Ein buntes Fest zum 500. FuggereiGeburtstag
Die älteste Sozialsiedlung der Welt feiert ein außergewöhnliches Jubiläum mit einer Woche Programm
Vielleicht hätten die Bewohnerinnen und Bewohner der Fuggerei an diesem Montag ausnahmsweise ein viertes Gebet sprechen und um gutes Wetter bitten sollen. Zum 500. Jahrestag der Sozialsiedlung hätte dann eventuell die Sonne über Augsburg geschienen. So aber kam pünktlich mit Ministerpräsident Markus Söder auch der Regen in der Jakobervorstadt an.
Die 500 Gäste, die an langen Tafeln in den Gassen der Fuggerei Platz genommen hatten, trugen den Guss von oben mit Fassung. Was macht ein bisschen (oder mehr) Regen schon aus im Vergleich zu den Widrigkeiten, denen Jakob Fuggers Lebenswerk über die Jahrhunderte standhalten musste?
Söder hob die Besonderheit des
Stifters von 1521 mit einem Vergleich aus heutiger Sicht hervor: „Sein Vermögen wäre heute rund sechs Milliarden Euro wert.
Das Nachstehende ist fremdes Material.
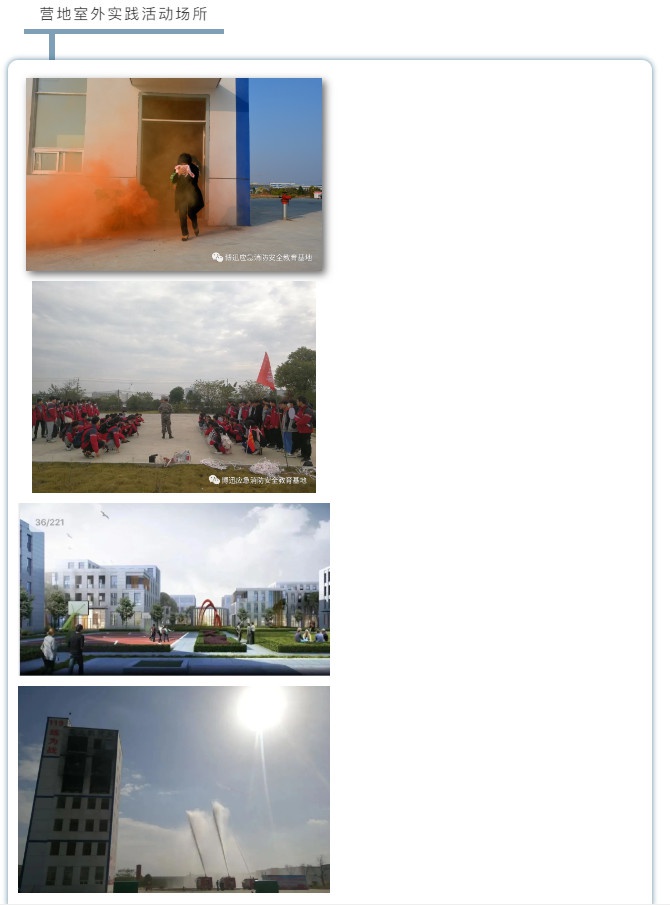 营地将安全理念同步实施于设计、建设、运营三大过程中,安全馆内设置40多个体验项目,包括消防、交通、急救、自然灾害、地质灾害等;室外建有消防体验区、急救学习区、防溺水区、演练区、试飞行区、工具使用区及儿童游乐区,用情景体验、寓教于乐的方式开展安全科普活动,帮助丰富中小学生应急安全知识,提高社会民众应急自救能力。

Jakob Fugger war damit viel mehr als der Bill Gates seiner Zeit.“Er habe ein Modell geschaffen, das es auch 500 Jahre später nirgendwo anders gebe. „Hier wohnen die Leute nicht nur, sie sind Teil einer Idee.“Augsburgs Oberbürgermeisterin Eva Weber hob die Geschichte der Stadt und die der Fuggerei hervor, die immer eng verbunden gewesen seien. Und sie bedankte sich für den Mut, den die Nachkommen Jakob Fuggers bis heute aufbringen, um die Siedlung zu erhalten.
„Das Wichtigste ist für uns, auch die kommenden 500 Jahre zu erreichen“, sagt Alexander Graf Fugger vom Familienseniorat. Parallel dazu soll die Idee der Fuggerei in die Welt getragen werden, um sie auch in anderen Ländern Wirklichkeit werden zu lassen. Gintaras Grachauskas, Stella Rothenberger und Rugiatu Neneh Turay präsentierten den Festgästen am Abend ihre Vorstellungen von zwei neuen Fuggereien in Litauen und Sierra Leone. Dort soll je eine Fuggerei entstehen, die im Sinne Jakob Fuggers aktuelle gesellschaftliche Herausforderungen meistern hilft.
Der Festakt bildete den Auftakt zu einer Festwoche. Neben einem Programm für Kinder gibt es kleinere Ausstellungen, die die Grundsätze versinnbildlichen, nach denen die Fuggerei aufgebaut ist. Auch ein Musik- und Kulturprogramm wurde organisiert. An einer Waldstation kann man sich über einen Wirtschaftszweig informieren, der bis heute den Fortbestand der Fuggerei sichert. Wer sich intensiver mit der Idee auseinandersetzen möchte, kann an Talkrunden teilnehmen. Experten sprechen über die Punkte, die die Sozialsiedlung ausmachen.
So wird über die Frage diskutiert, wie Bedürftigkeit gemeistert und Lebensraum geschaffen werden kann. Es geht um humanistische Werte und die Frage, wie sich Spiritualität entwickeln kann. Die Podien sind mit wechselnden Teilnehmern besetzt.
Der Regen übrigens hörte am Montagabend schnell wieder auf. So hatten auch die 500 Kerzen eine Chance, die am Ende des Festakts auf den kleinen Kuchen steckten, die das Fuggerei-Restaurant „Die Tafeldecker“an die Gäste verteilte. Das vielstimmige „Happy Birthday, liebe Fuggerei“sangen schließlich alle gerne mit, vor allem aber die Bewohnerinnen und Bewohner, die an diesem Abend nicht nur zu Besuch waren, sondern in der Siedlung eine Heimat und Freunde gefunden haben.